It can be seen from Equation (6) that the surface strain $\epsilon$ of the equal strength beam can be calculated by measuring the thickness h, deflection w and deflection measurement position x. This strain calibration model is simple and easy to be applied in engineering. However, Equation (6) is a simplified formula derived from Equation (2). Only when the equal strength beam has small deformation can the accuracy of surface strain measurement be guaranteed. When the deformation of the beam is large, the strain measurement accuracy decreases so seriously that the accurate metrological traceability of the strain sensor cannot be achieved precisely.

To improve the accuracy of strain metrological traceability while retaining the advantages of the simplicity of the deflection method, a finite element method was used to analyze the strain of equal strength beam, and the optimization method of strain metrology calibration model was established.

2.2. Optimization of the Deflection Method Strain Calibration Model

2.2.1. Strain Simulation of Equal Strength Beam

The commonly used equal strength beam is taken as an example, and its specific parameters are shown in

Table 1. Physical dimensions of the equal strength beam.

Dimensions	Symbols	Numerical Values/mm
Thickness	h	5.0
Width at the fixed end	B	43.2
Width of the widening area	B	20.0
Effective length	L0	285.0
Working length	L1	360.0
Total length	L2	375.0

and

Table 2. Material parameters of the equal strength beam.
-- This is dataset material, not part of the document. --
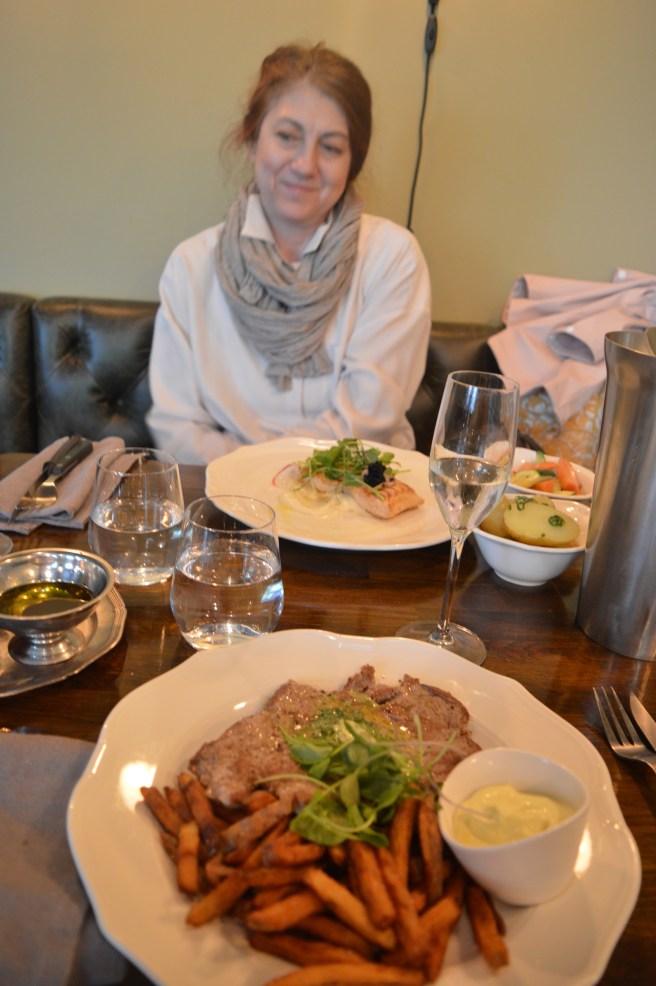 Dimi äter lax och jag favoriten Eero Laaksos biff på Osteria Locale i Lovisa.
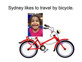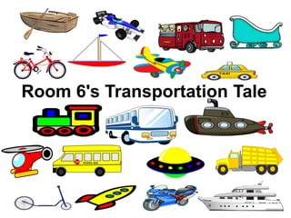 The document describes the different modes of transportation preferred by students and teachers in Room 6, with each person listing their favorite way to travel, such as by bicycle, train, motorcycle, helicopter, sailboat, city bus, scooter, sleigh, race car, submarine, airplane, row boat, spaceship, fire truck, garbage truck, rocket ship, school bus, yacht, and taxi.

Material	Density	Elastic Modulus	Poisson’s Ratio
65 Mn	7850 kg/m3	2.08 × 105 Mpa	0.26

.

The three-dimensional model of the equal strength beam was established and was imported into Ansys Workbench to mesh by the finite element analysis software. Here, the size of the element was set to 2 mm, and then the strain simulation analysis was carried out. According to the material properties of the beam and the allowable stress, a load of 100 N was applied to the loading point at the end of the beam. The strain distribution cloud diagram is shown in Figure 2a. The simulation results show that uniform and non-uniform strain zones are generated in the effective working area on the beam surface, and the strain in the uniform strain zone was approximately 961 με.

It can be seen from Figure 2a that the percentage of uniform strain zone is to 84% in the effective working area of the beam. Certainly, there exists non-uniform strain zone near the fixed end, which is inconsistent with the ideal performance of the equal strength beam. Seen from Figure 2b, strain has also occurred at the edge of the fixed end of the beam. It shows that local deformations are caused by the non-linearity of the beam structure and have an effect on the mechanical properties of the equal strength beam. That is to say, the non-linearity performance leads to the generation of the non-uniform strain zone. In addition, there is also a non-uniform strain area near the widening area. Therefore, the strain sensor should be affixed to the uniform strain zone in the effective working area when calibrating the strain sensor.

In order to verify the accuracy of the simulation results, the strain simulation values in the uniform strain zone (x = 172 mm) of the equal strength beam with different loads were extracted, and the theoretical strain values were calculated by Equation (1), as shown in

Table 3. Comparison of simulated and theoretical values with different loads.

No.	Applied Load/N	Theoretical Value/με	Simulation Value/με	Relative Error
1	40	384.62	385.82	0.052%
2	60	576.92	578.25	0.230%
3	80	769.23	770.06	0.108%
4	100	961.54	961.02	−0.054%

.

The maximum relative error between the theoretical and simulated values is 0.230%, and the difference is about 1 με. The comparison results show that the simulation results are significantly consistent with the theoretical results. Therefore, the simulation results of the equal strength beam are used as the reference value in order to modify the simplified Equation (6).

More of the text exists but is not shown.